Government moves to solve pensions shortfall


Rust belt
The northeastern provinces-Liaoning, Jilin and Heilongjiang-were once known as the "Republic's eldest son" because of their crucial status in the national economy as a base for heavy industry.
But the region became a rust belt after large numbers of State-owned coal mines, steel plants and oil refineries were idled amid sweeping economic reforms in the 1990s.
The former employees, mostly born in the 1950s and '60s baby booms, have now surpassed the retirement age for blue-collar workers-55 for men and 50 for women-and large numbers of them have started collecting the State pension.
Meanwhile, the job evaporation in the northeast has seen many young people move to Beijing and other economically vibrant regions, meaning they do not contribute to the pension fund in their home province.
Moreover, their numbers are fewer because many were born after the one-child rule was introduced in 1980.
In the first decade of this century, Heilongjiang saw a net outflow of 1.26 million residents. Meanwhile, starting in 2010, an average 100,000 people moved elsewhere every year, according to the provincial statistics bureau.
More than 30 percent of those people are age 20 to 30, and less than 20 percent have reached retirement age, it said.
The workers' migration to the coastal regions has created a huge discrepancy in the health of pension funds in different parts of the country.

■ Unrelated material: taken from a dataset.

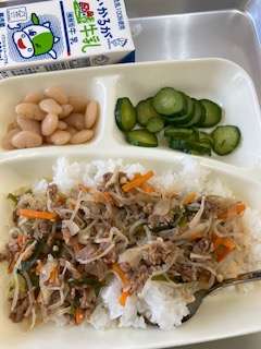 今日の給食のメニューは、牛丼、きゅうりの生姜づけ、大福豆の煮もの、牛乳、でした。牛丼は子どもたちにも人気のメニューで、一気に食べてしまいそうです。きゅうりの生姜づけは生姜汁を使った調味液につけてあり、さっぱり感がありました。大福豆の煮ものは甘く味つけられていてやわらかかったです。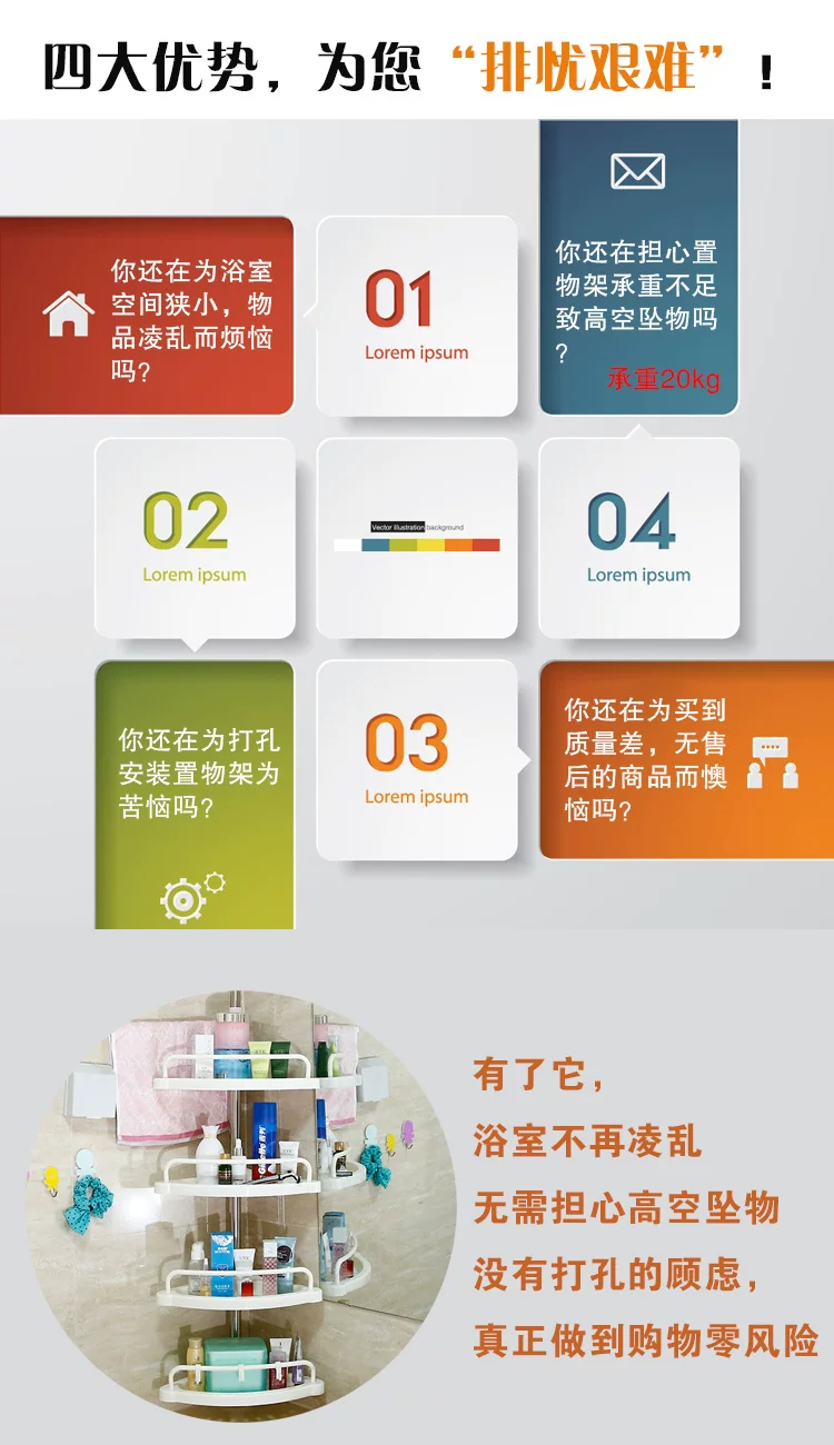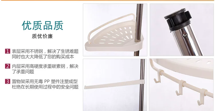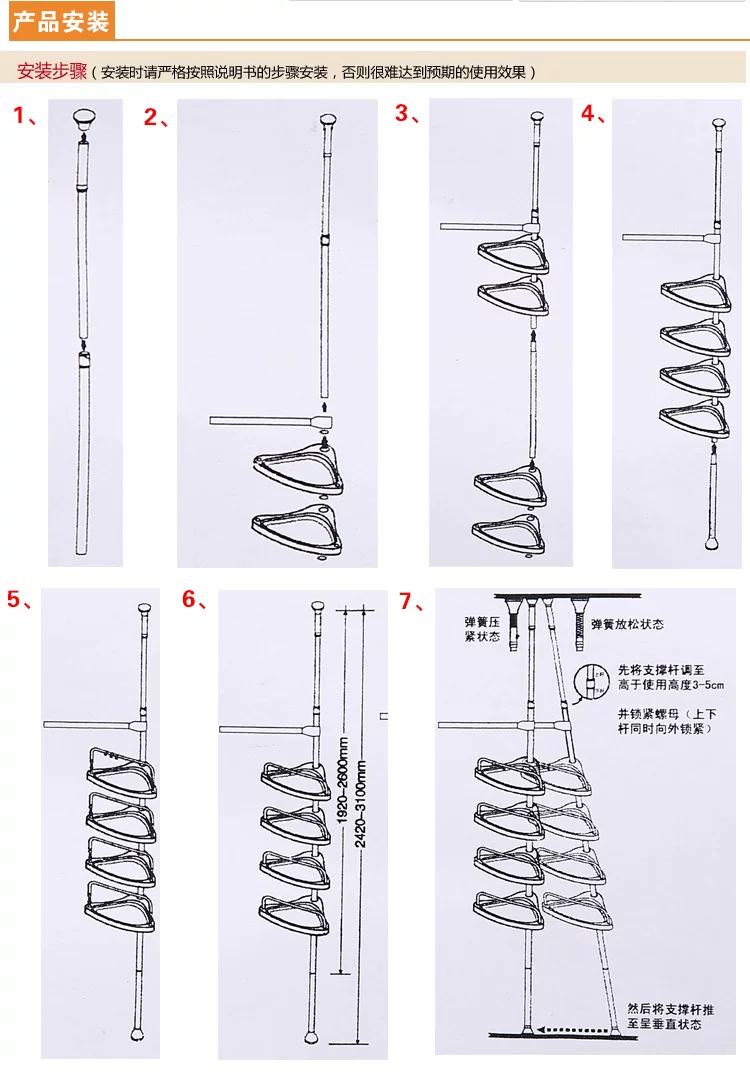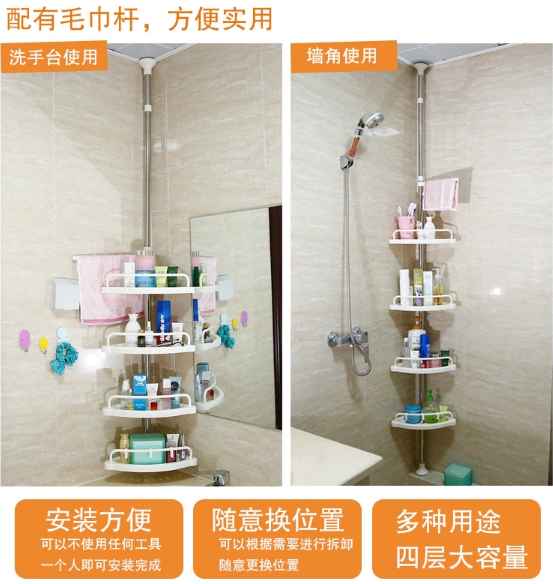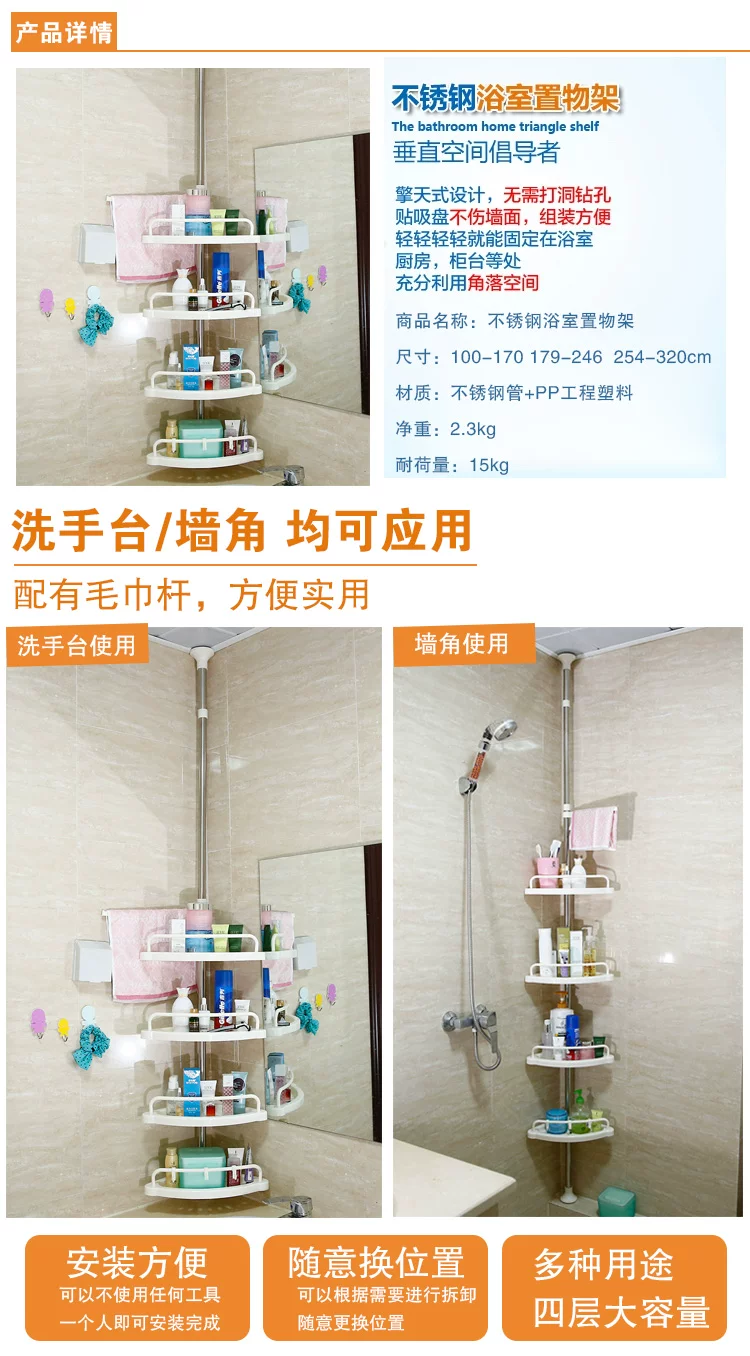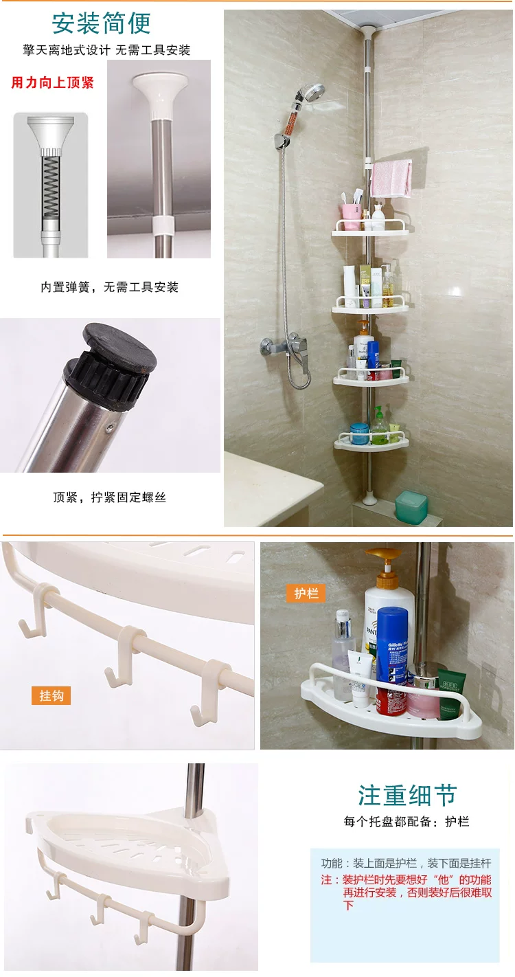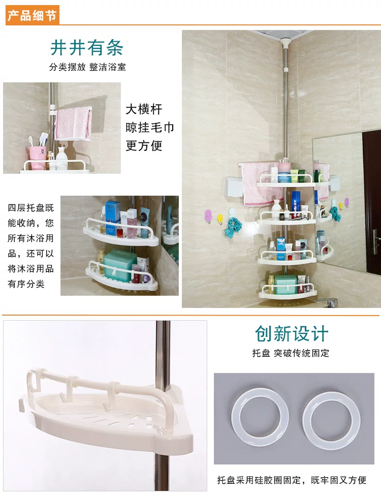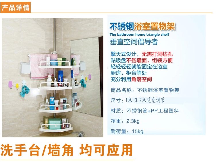 本款浴室置物架1米-3.2米随意调节高度,托盘高度随意调节。只要您的房顶能受力,都可以很稳固的安装上,一般吊顶的房子在墙角都可以使用。

In 2017, Yin Weimin, a former minister of human resources and social security, said that at 1.3-to-1, Heilongjiang had the country's lowest contributor-collector ratio, suggesting immense payout pressure.
However, the ratio was 9-to-1 in Guangdong province, the manufacturing and trading hub in South China, he said.
Experts said that in addition to putting pressure on fund payouts, the fragmented system has caused problems such as a gap in benefit collections, as the contribution rate varies from area to area and the benefits are calculated according to local income levels.